ECLI:NL:RVS:2002:AF0252

Raad van State

Datum uitspraak
13 november 2002
Publicatiedatum
4 april 2013
Zaaknummer
200202260/1
Instantie
Raad van State
Type
Uitspraak
Rechtsgebied
Bestuursrecht
Procedures
  • Hoger beroep
Rechters
  • C.M. Ligtelijn-van Bilderbeek
  • J.J. Schuurman
Vindplaatsen
  • Rechtspraak.nl
AI samenvatting door LexboostAutomatisch gegenereerd

Weigering vergunning voor het kappen van een eik bij nieuwbouw woning

In deze zaak gaat het om het hoger beroep van een appellant tegen de weigering van de burgemeester en wethouders van Nunspeet om hem een vergunning te verlenen voor het kappen van een eik op zijn perceel, waar hij een nieuwe woning wilde bouwen. De burgemeester en wethouders hebben op 6 juli 2001 het verzoek van de appellant afgewezen. Dit besluit werd later door de rechtbank te Zutphen op 12 maart 2002 bevestigd, waarna de appellant in hoger beroep ging bij de Raad van State. De appellant stelde dat de weigering van de vergunning hem belemmerde in het realiseren van de bestemming van zijn perceel.

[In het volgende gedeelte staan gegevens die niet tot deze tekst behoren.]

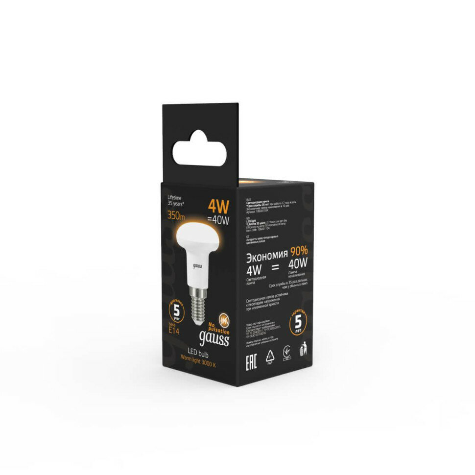 На сегодняшний день товар «Светодиодная лампа Gauss Led Reflector R39 E14 4W 2700K (106001104)» можно купить с кешбеком в 1 магазине: Яндекс.Маркет

De Raad van State heeft de zaak op 26 september 2002 behandeld. De appellant, vertegenwoordigd door zijn juridisch adviseur, en de burgemeester en wethouders, vertegenwoordigd door ambtenaren van de gemeente, waren aanwezig. De Raad overwoog dat de rechtbank terecht had geoordeeld dat de appellant geen recht had op de vergunning, omdat het overgelegde fotomateriaal geen voldoende grond bood voor de conclusie dat de bestemming van het perceel niet gerealiseerd kon worden zonder de kap van de boom.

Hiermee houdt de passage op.